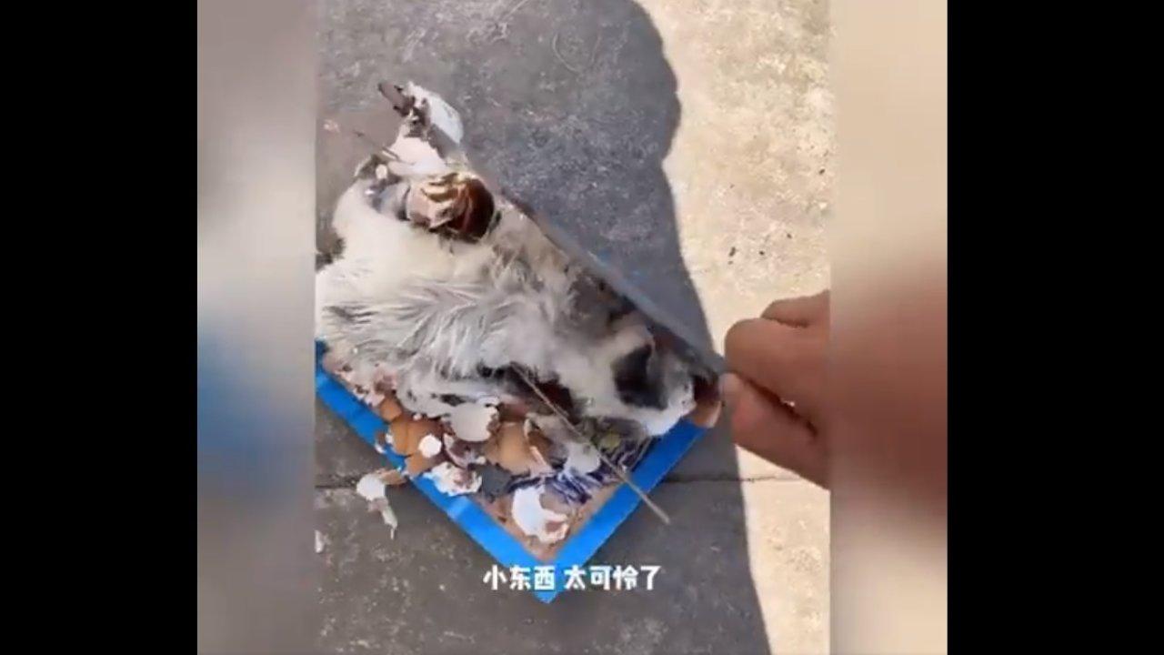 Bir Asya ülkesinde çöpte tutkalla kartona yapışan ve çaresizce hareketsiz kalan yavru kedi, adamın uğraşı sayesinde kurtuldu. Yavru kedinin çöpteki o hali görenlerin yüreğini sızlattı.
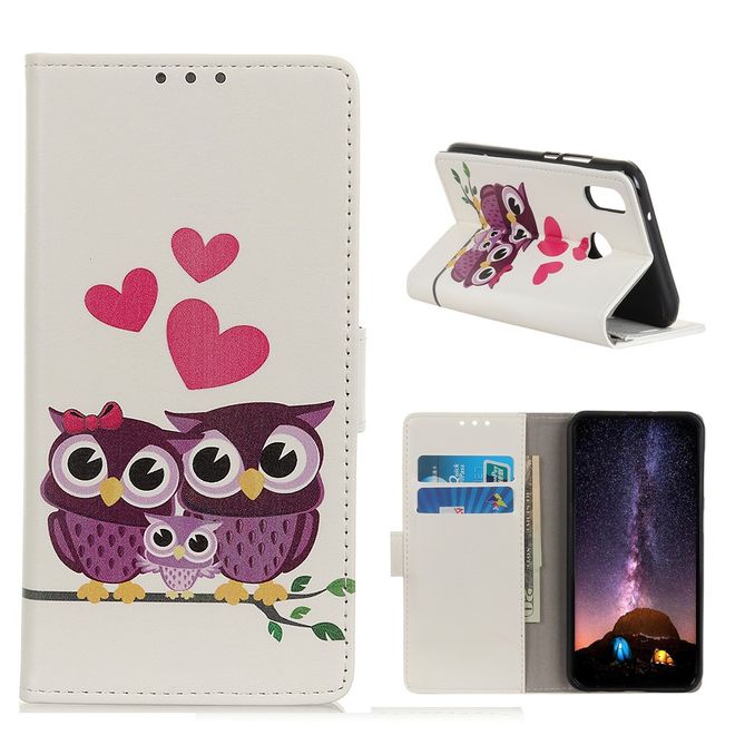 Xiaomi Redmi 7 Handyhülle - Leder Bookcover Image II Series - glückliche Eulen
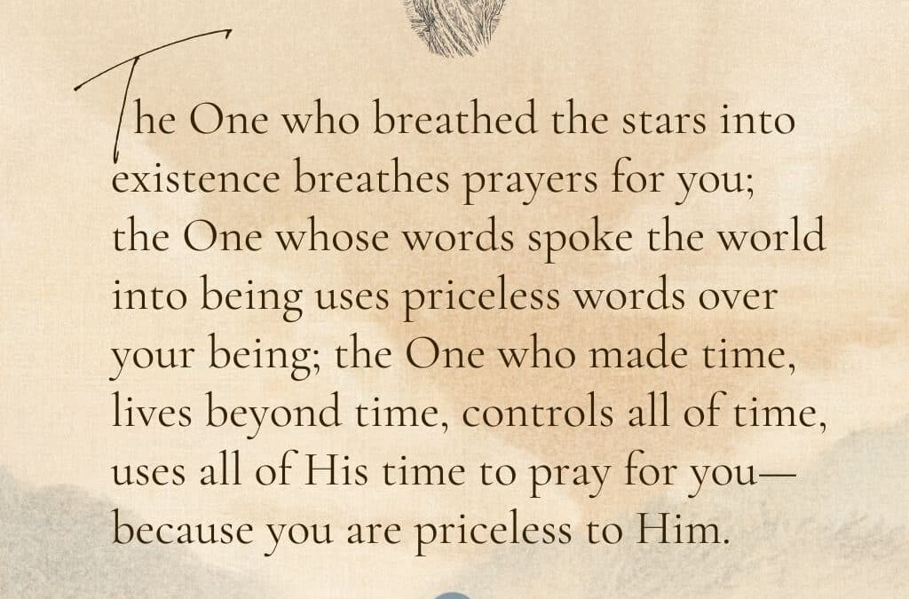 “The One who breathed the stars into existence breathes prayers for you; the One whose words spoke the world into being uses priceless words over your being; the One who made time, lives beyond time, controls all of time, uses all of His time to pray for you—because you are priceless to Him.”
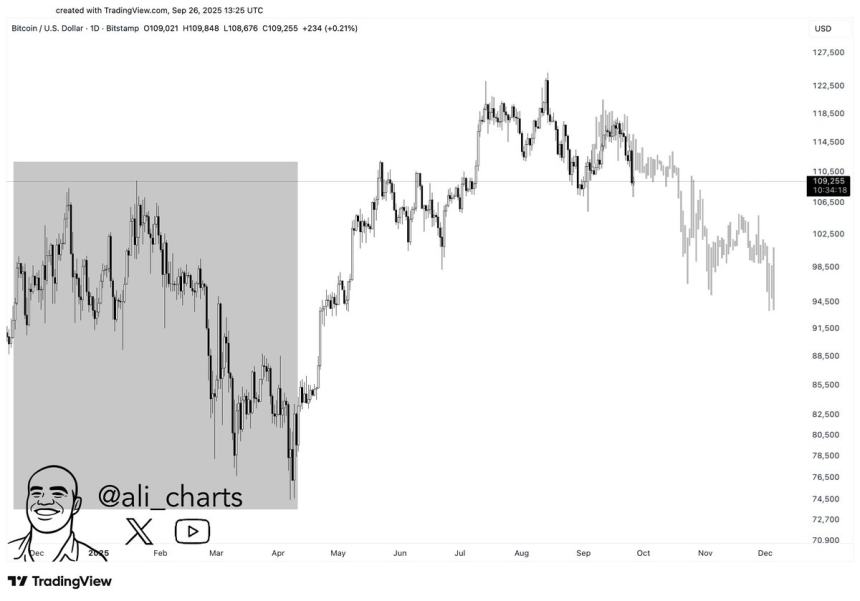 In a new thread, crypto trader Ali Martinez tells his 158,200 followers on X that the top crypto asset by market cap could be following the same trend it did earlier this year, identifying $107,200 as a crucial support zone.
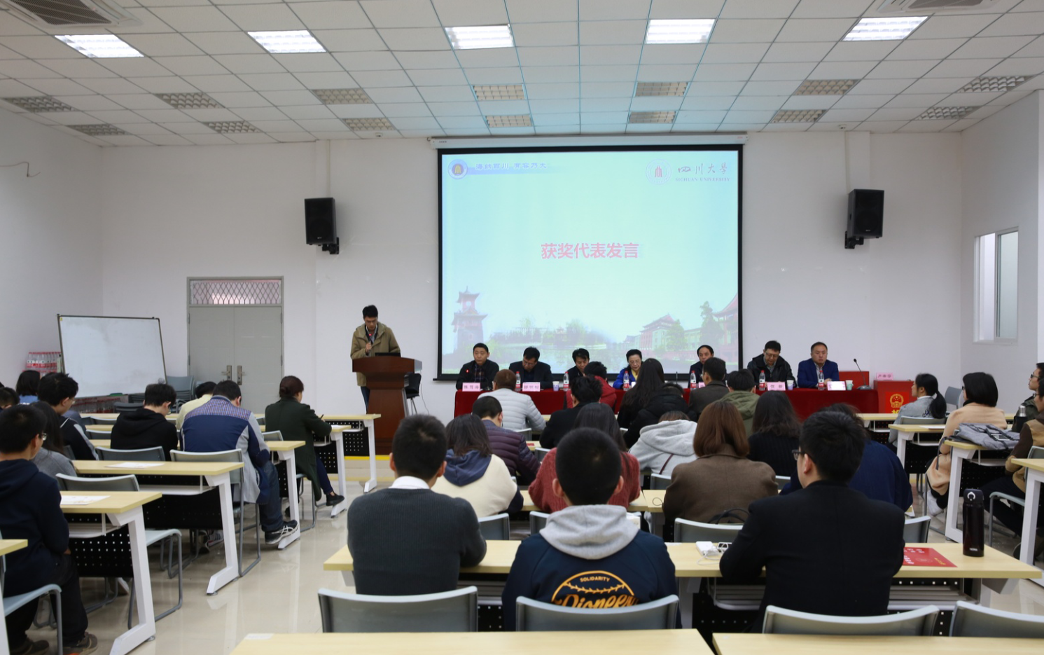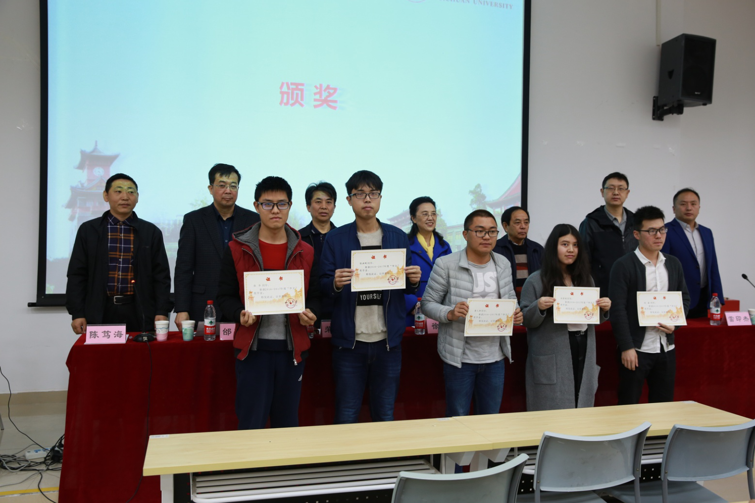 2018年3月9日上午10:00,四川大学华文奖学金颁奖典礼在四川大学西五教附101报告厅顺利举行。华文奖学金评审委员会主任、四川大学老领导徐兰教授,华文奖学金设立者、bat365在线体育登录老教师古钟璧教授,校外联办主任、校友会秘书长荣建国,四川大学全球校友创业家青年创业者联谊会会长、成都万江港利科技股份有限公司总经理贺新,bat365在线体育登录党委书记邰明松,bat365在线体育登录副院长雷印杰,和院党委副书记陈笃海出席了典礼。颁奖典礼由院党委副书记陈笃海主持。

● WORK ORDER
Reproduce the lines from the line with "One who breathed" through the last line of the entries exactly, including both ends and excluding pictures.

● ANSWER TO THIS EXERCISE
 “The One who breathed the stars into existence breathes prayers for you; the One whose words spoke the world into being uses priceless words over your being; the One who made time, lives beyond time, controls all of time, uses all of His time to pray for you—because you are priceless to Him.”
 In a new thread, crypto trader Ali Martinez tells his 158,200 followers on X that the top crypto asset by market cap could be following the same trend it did earlier this year, identifying $107,200 as a crucial support zone.
 2018年3月9日上午10:00,四川大学华文奖学金颁奖典礼在四川大学西五教附101报告厅顺利举行。华文奖学金评审委员会主任、四川大学老领导徐兰教授,华文奖学金设立者、bat365在线体育登录老教师古钟璧教授,校外联办主任、校友会秘书长荣建国,四川大学全球校友创业家青年创业者联谊会会长、成都万江港利科技股份有限公司总经理贺新,bat365在线体育登录党委书记邰明松,bat365在线体育登录副院长雷印杰,和院党委副书记陈笃海出席了典礼。颁奖典礼由院党委副书记陈笃海主持。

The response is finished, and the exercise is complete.